*** Supplied data ***
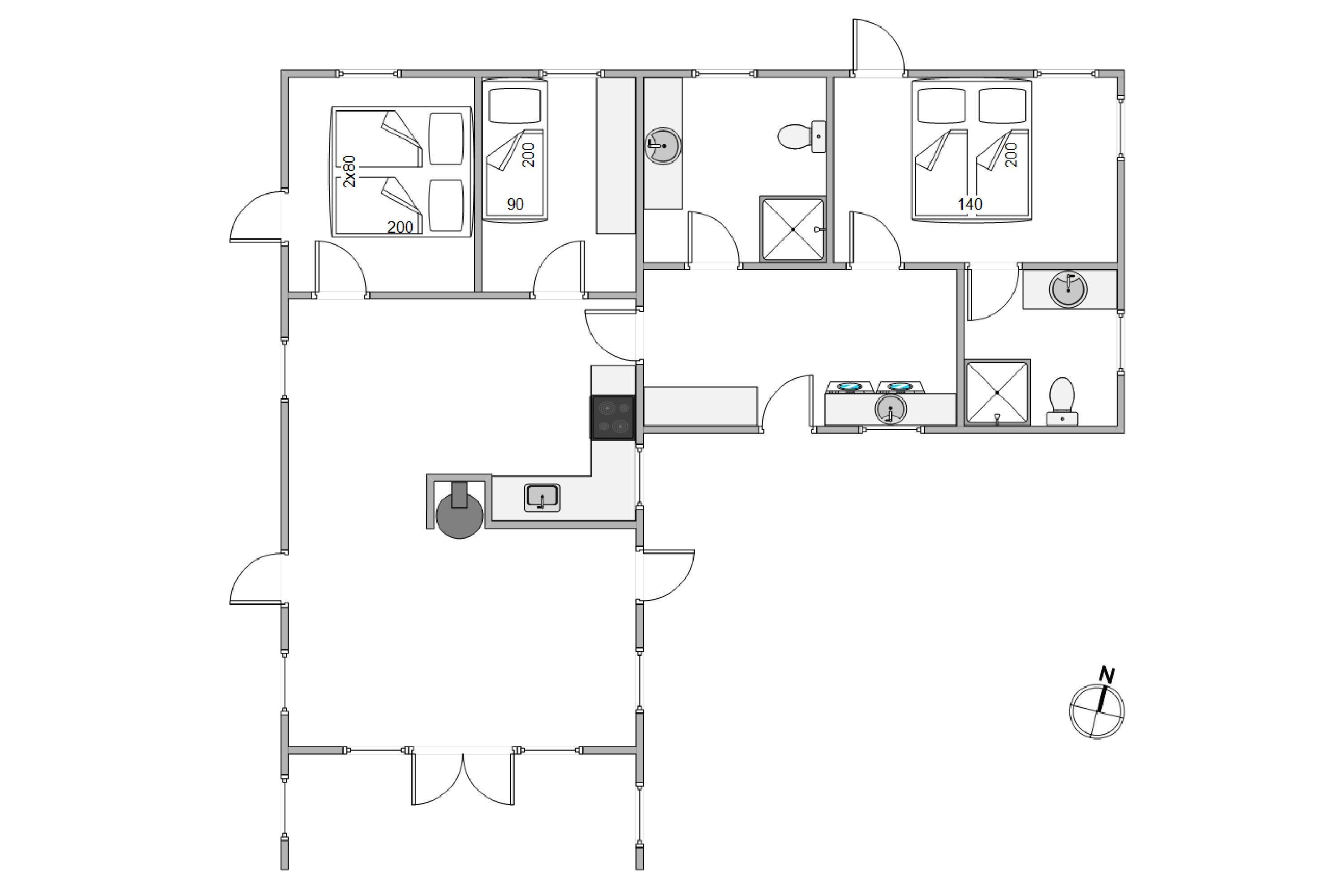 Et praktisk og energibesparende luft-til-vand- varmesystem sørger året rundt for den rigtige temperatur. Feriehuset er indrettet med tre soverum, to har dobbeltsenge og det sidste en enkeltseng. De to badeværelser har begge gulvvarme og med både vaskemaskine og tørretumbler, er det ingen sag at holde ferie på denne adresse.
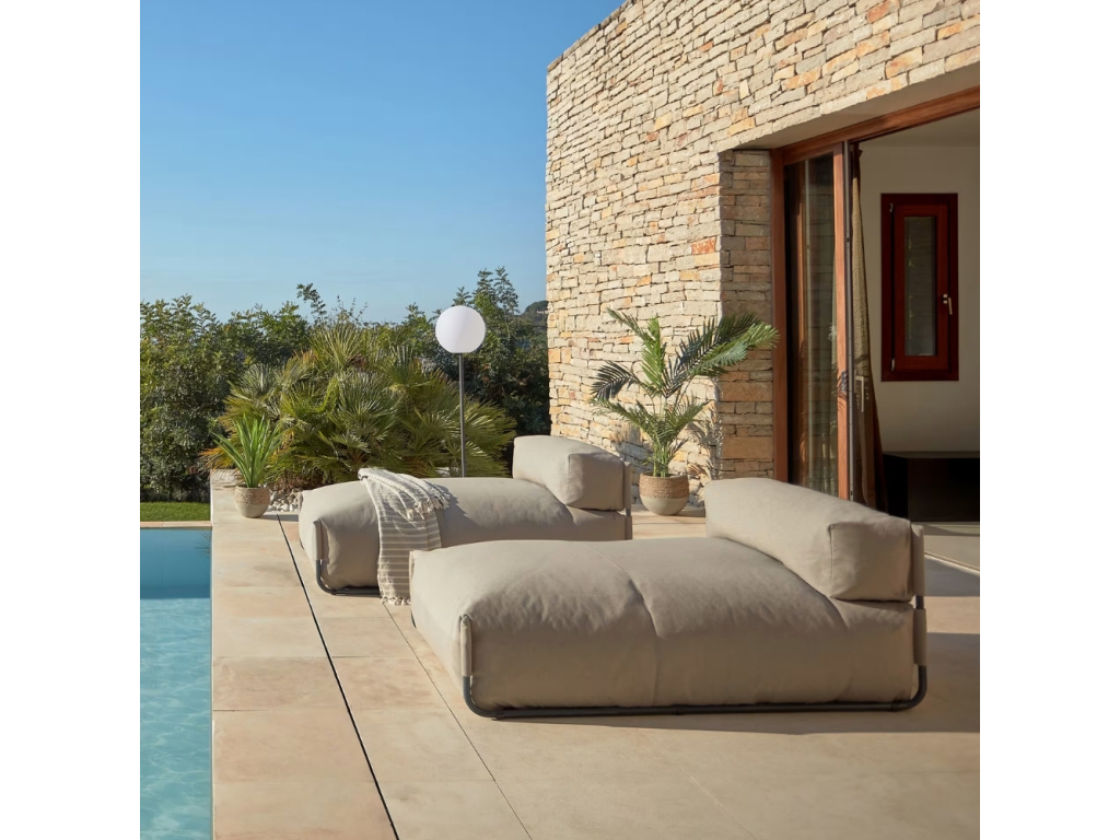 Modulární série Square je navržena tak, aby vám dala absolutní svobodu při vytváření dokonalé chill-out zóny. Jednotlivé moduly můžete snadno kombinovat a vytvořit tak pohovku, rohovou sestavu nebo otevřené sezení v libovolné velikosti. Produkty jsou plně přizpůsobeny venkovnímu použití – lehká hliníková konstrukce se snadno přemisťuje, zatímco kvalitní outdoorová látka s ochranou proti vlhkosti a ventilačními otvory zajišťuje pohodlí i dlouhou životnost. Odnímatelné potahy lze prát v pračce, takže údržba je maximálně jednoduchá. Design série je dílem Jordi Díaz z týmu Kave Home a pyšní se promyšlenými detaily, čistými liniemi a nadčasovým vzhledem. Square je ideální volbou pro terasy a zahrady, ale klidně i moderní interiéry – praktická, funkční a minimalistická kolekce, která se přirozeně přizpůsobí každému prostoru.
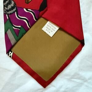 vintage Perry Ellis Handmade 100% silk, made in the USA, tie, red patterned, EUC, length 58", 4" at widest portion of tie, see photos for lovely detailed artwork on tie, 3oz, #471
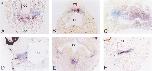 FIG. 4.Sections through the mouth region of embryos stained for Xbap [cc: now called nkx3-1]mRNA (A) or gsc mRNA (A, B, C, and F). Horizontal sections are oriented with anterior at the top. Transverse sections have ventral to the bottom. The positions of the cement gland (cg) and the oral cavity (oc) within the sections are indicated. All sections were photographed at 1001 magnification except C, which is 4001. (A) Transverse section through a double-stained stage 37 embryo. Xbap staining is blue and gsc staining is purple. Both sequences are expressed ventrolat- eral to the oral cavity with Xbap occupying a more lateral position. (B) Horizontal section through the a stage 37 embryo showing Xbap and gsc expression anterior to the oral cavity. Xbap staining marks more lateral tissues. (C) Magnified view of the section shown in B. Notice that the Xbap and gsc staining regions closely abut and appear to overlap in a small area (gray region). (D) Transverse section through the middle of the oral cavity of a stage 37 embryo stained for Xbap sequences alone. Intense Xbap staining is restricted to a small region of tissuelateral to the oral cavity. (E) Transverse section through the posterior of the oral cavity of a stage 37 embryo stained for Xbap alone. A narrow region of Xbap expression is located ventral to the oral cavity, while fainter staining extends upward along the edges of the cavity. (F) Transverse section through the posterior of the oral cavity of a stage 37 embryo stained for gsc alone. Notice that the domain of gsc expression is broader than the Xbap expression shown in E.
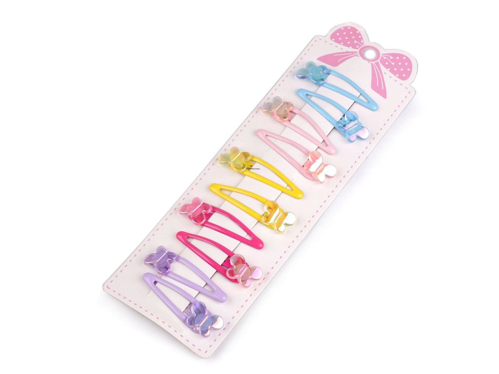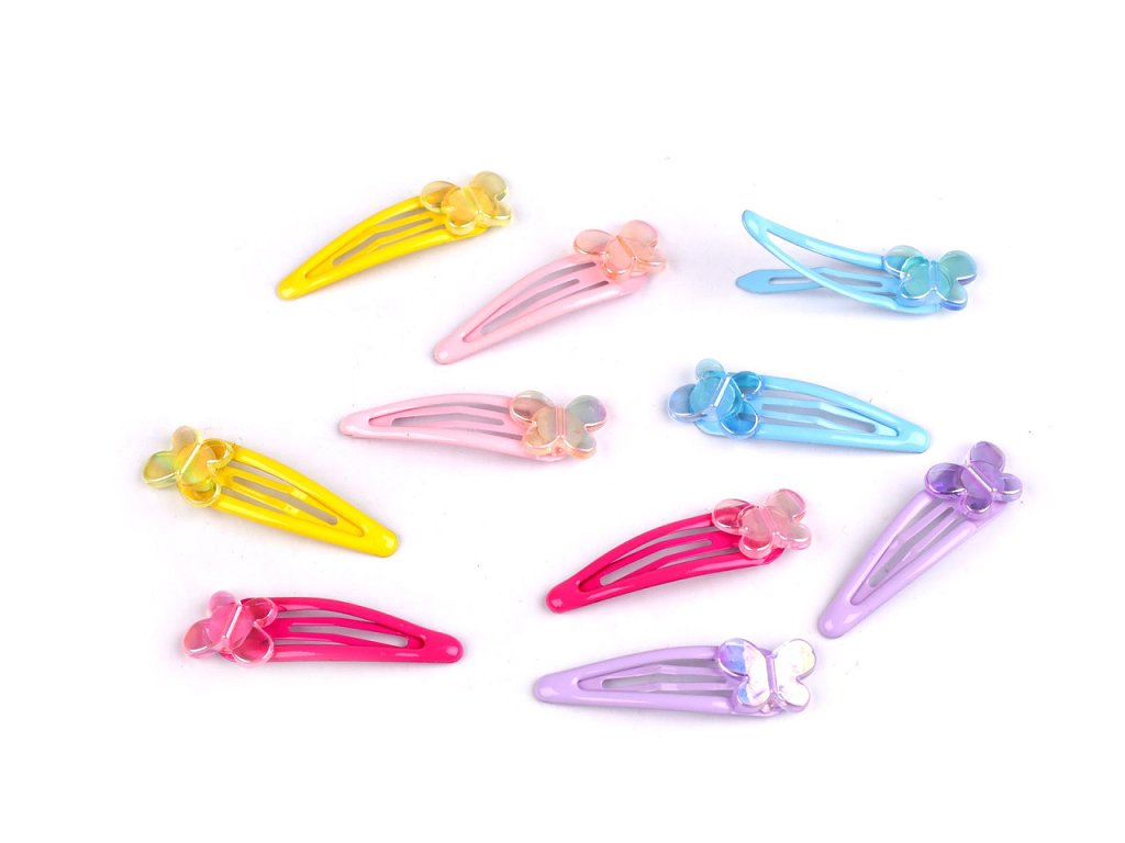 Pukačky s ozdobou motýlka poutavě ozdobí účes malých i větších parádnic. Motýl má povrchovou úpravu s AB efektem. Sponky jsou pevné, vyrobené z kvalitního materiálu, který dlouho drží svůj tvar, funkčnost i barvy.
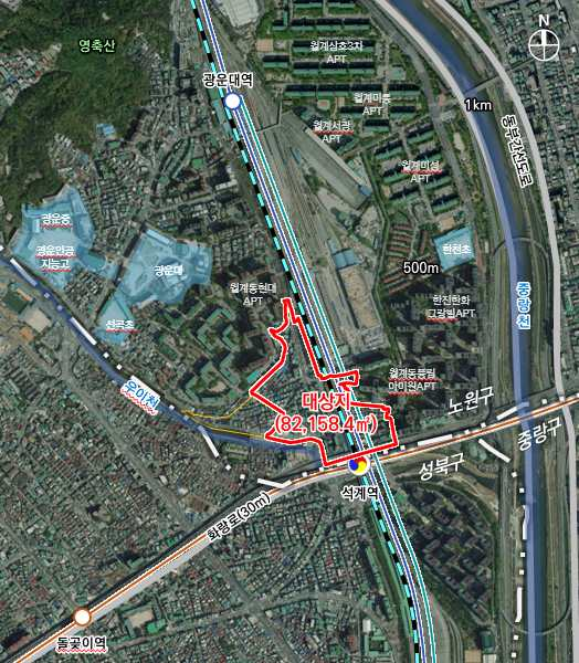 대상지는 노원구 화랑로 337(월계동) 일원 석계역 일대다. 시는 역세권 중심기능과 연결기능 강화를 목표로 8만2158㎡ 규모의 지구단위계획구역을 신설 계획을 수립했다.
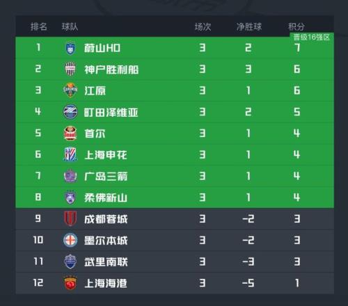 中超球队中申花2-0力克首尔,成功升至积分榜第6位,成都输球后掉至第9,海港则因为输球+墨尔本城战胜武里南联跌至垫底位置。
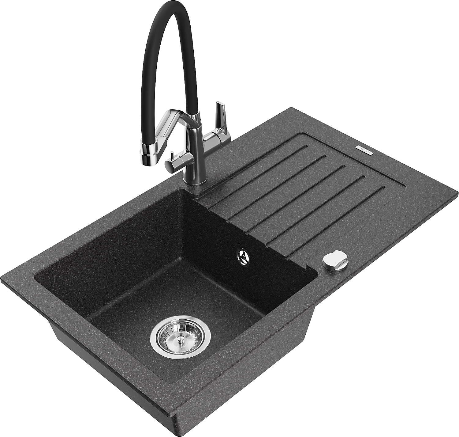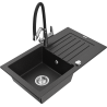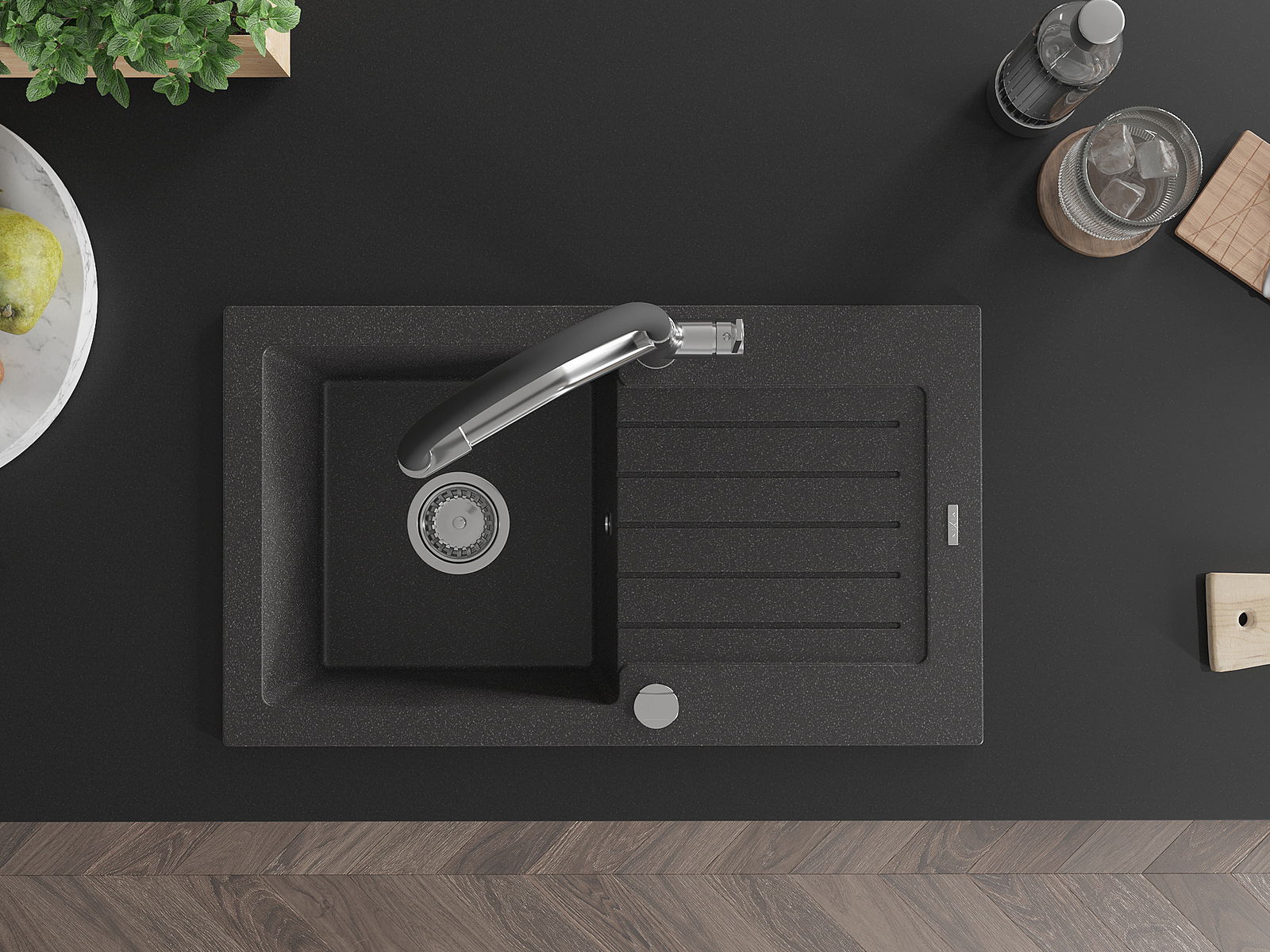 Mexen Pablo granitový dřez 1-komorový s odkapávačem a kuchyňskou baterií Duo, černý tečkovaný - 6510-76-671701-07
*** End of Supplied data ***
__What is needed__.
Each record above is to be returned unchanged, while any picture it holds stays out.

__Expected answer__.
 Et praktisk og energibesparende luft-til-vand- varmesystem sørger året rundt for den rigtige temperatur. Feriehuset er indrettet med tre soverum, to har dobbeltsenge og det sidste en enkeltseng. De to badeværelser har begge gulvvarme og med både vaskemaskine og tørretumbler, er det ingen sag at holde ferie på denne adresse.
 Modulární série Square je navržena tak, aby vám dala absolutní svobodu při vytváření dokonalé chill-out zóny. Jednotlivé moduly můžete snadno kombinovat a vytvořit tak pohovku, rohovou sestavu nebo otevřené sezení v libovolné velikosti. Produkty jsou plně přizpůsobeny venkovnímu použití – lehká hliníková konstrukce se snadno přemisťuje, zatímco kvalitní outdoorová látka s ochranou proti vlhkosti a ventilačními otvory zajišťuje pohodlí i dlouhou životnost. Odnímatelné potahy lze prát v pračce, takže údržba je maximálně jednoduchá. Design série je dílem Jordi Díaz z týmu Kave Home a pyšní se promyšlenými detaily, čistými liniemi a nadčasovým vzhledem. Square je ideální volbou pro terasy a zahrady, ale klidně i moderní interiéry – praktická, funkční a minimalistická kolekce, která se přirozeně přizpůsobí každému prostoru.
 vintage Perry Ellis Handmade 100% silk, made in the USA, tie, red patterned, EUC, length 58", 4" at widest portion of tie, see photos for lovely detailed artwork on tie, 3oz, #471
 FIG. 4.Sections through the mouth region of embryos stained for Xbap [cc: now called nkx3-1]mRNA (A) or gsc mRNA (A, B, C, and F). Horizontal sections are oriented with anterior at the top. Transverse sections have ventral to the bottom. The positions of the cement gland (cg) and the oral cavity (oc) within the sections are indicated. All sections were photographed at 1001 magnification except C, which is 4001. (A) Transverse section through a double-stained stage 37 embryo. Xbap staining is blue and gsc staining is purple. Both sequences are expressed ventrolat- eral to the oral cavity with Xbap occupying a more lateral position. (B) Horizontal section through the a stage 37 embryo showing Xbap and gsc expression anterior to the oral cavity. Xbap staining marks more lateral tissues. (C) Magnified view of the section shown in B. Notice that the Xbap and gsc staining regions closely abut and appear to overlap in a small area (gray region). (D) Transverse section through the middle of the oral cavity of a stage 37 embryo stained for Xbap sequences alone. Intense Xbap staining is restricted to a small region of tissuelateral to the oral cavity. (E) Transverse section through the posterior of the oral cavity of a stage 37 embryo stained for Xbap alone. A narrow region of Xbap expression is located ventral to the oral cavity, while fainter staining extends upward along the edges of the cavity. (F) Transverse section through the posterior of the oral cavity of a stage 37 embryo stained for gsc alone. Notice that the domain of gsc expression is broader than the Xbap expression shown in E.
 Pukačky s ozdobou motýlka poutavě ozdobí účes malých i větších parádnic. Motýl má povrchovou úpravu s AB efektem. Sponky jsou pevné, vyrobené z kvalitního materiálu, který dlouho drží svůj tvar, funkčnost i barvy.
 대상지는 노원구 화랑로 337(월계동) 일원 석계역 일대다. 시는 역세권 중심기능과 연결기능 강화를 목표로 8만2158㎡ 규모의 지구단위계획구역을 신설 계획을 수립했다.
 中超球队中申花2-0力克首尔,成功升至积分榜第6位,成都输球后掉至第9,海港则因为输球+墨尔本城战胜武里南联跌至垫底位置。
 Mexen Pablo granitový dřez 1-komorový s odkapávačem a kuchyňskou baterií Duo, černý tečkovaný - 6510-76-671701-07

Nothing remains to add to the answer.